RECORDS FOR THIS TASK ::
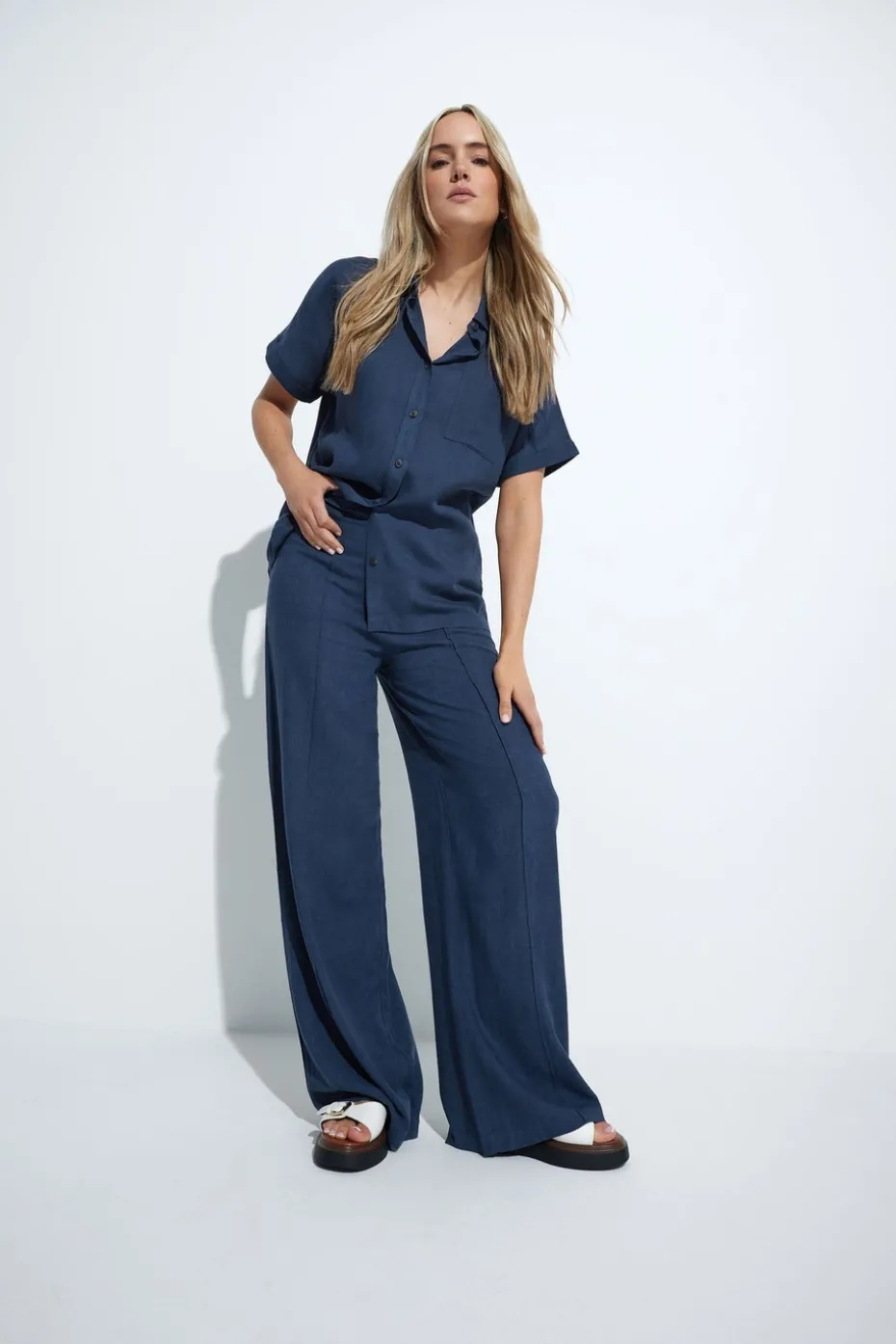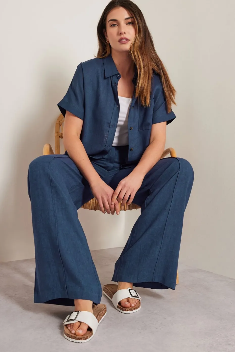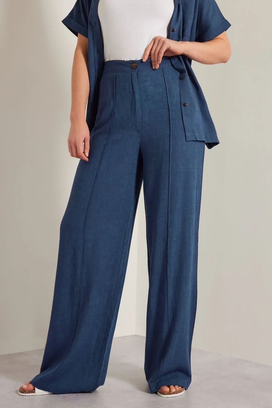 Long Tall Sally Navy Blue Linen Pleated Wide Leg Trousers
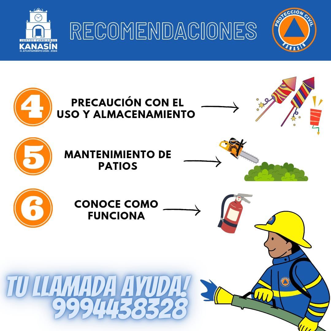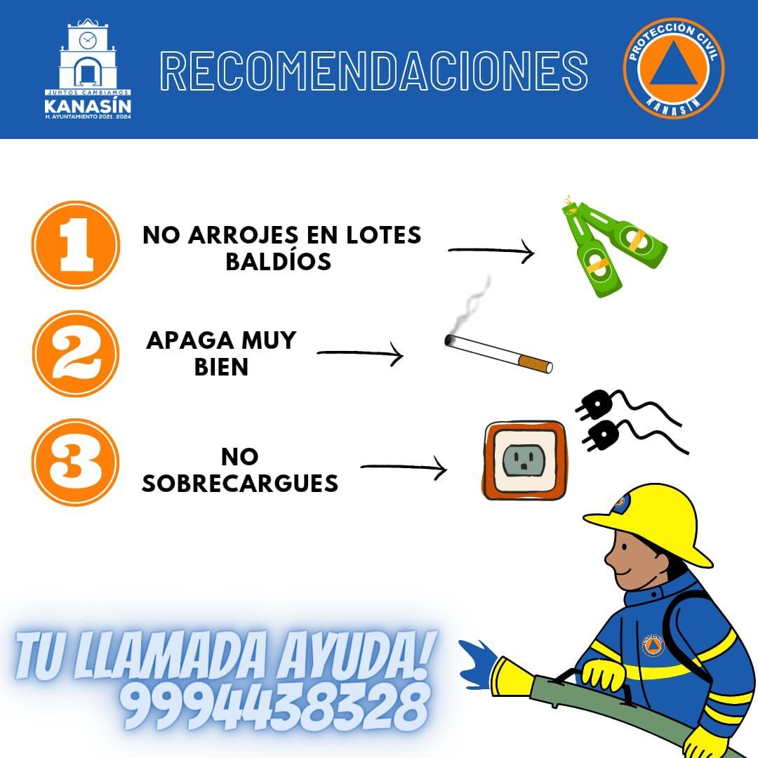 Ante el inicio de la época de altas temperaturas y de la temporada de incendios, Protección Civil de Kanasín se reporta listo para prevenir y combatir ese tipo de eventos que pudieran poner en riesgo la vida de las personas, por muy pequeño que sea el incendio o fogata, hay que reportarlo antes que cresca a grandes dimencioines.
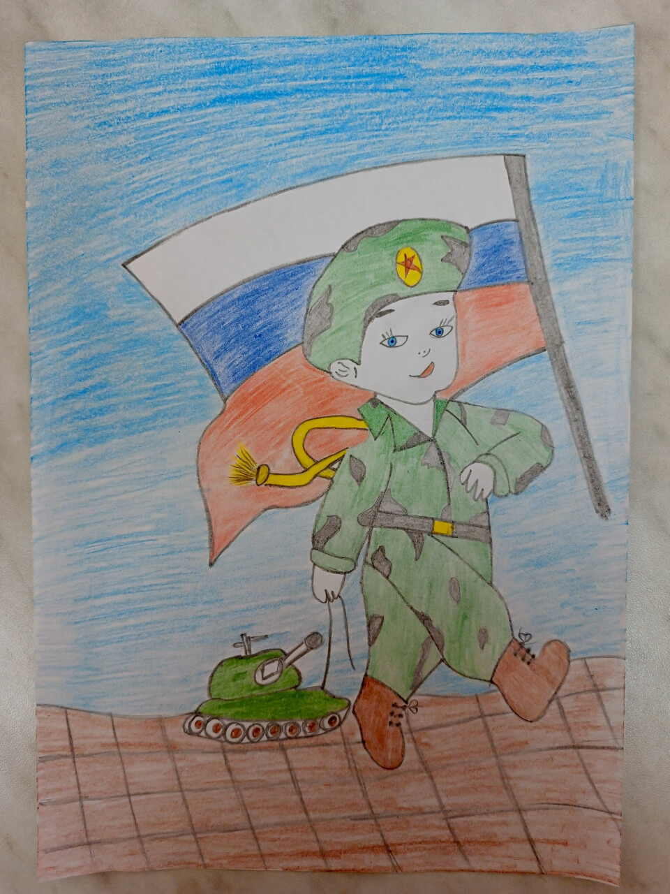 Рисунок выполнен цветными карандашами
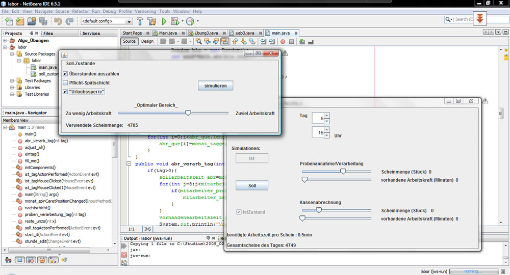 In java programmierte Anwendung im Rahmen der Veranstaltung OR-Simulationen.
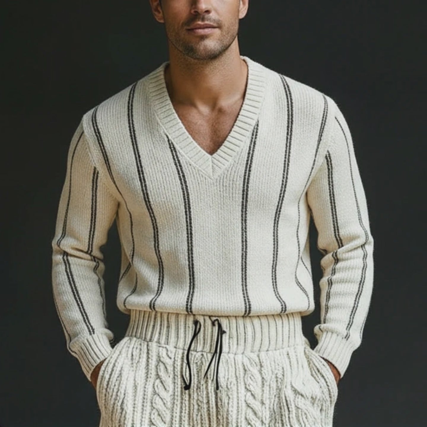 The Men's Spring Fashion Vertical Striped Cotton Yarn Knitted Long-Sleeve Sweater is crafted from high-quality cotton yarn, offering comfort and breathability. The vertical stripes add a modern touch, making it suitable for both casual and smart-casual occasions. Its knitted design ensures warmth during the cooler spring days, while the long sleeves provide additional coverage.
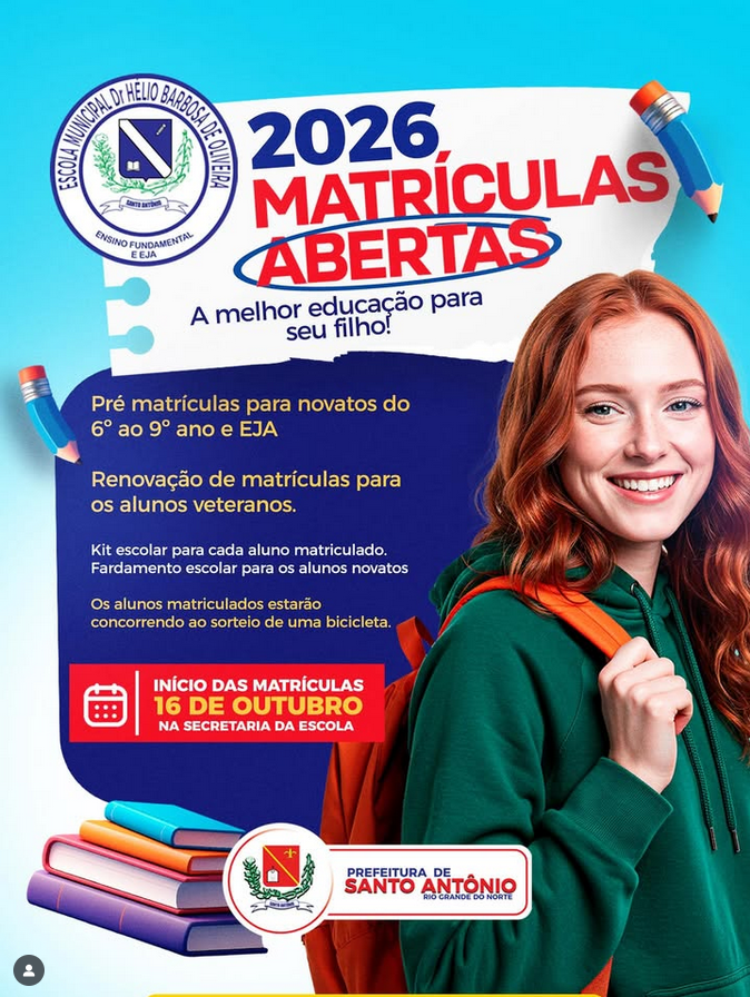 Início das matrículas: 16 de outubro — na secretaria da escola.

INSTRUCTIONS FOR THE TASK :: Your answer should consist of the lines above between those holding "In java programmierte" and "The Men's Spring", inclusive, reproduced word for word and without pictures.

RESULT FOR THIS EXERCISE ::
 In java programmierte Anwendung im Rahmen der Veranstaltung OR-Simulationen.
 The Men's Spring Fashion Vertical Striped Cotton Yarn Knitted Long-Sleeve Sweater is crafted from high-quality cotton yarn, offering comfort and breathability. The vertical stripes add a modern touch, making it suitable for both casual and smart-casual occasions. Its knitted design ensures warmth during the cooler spring days, while the long sleeves provide additional coverage.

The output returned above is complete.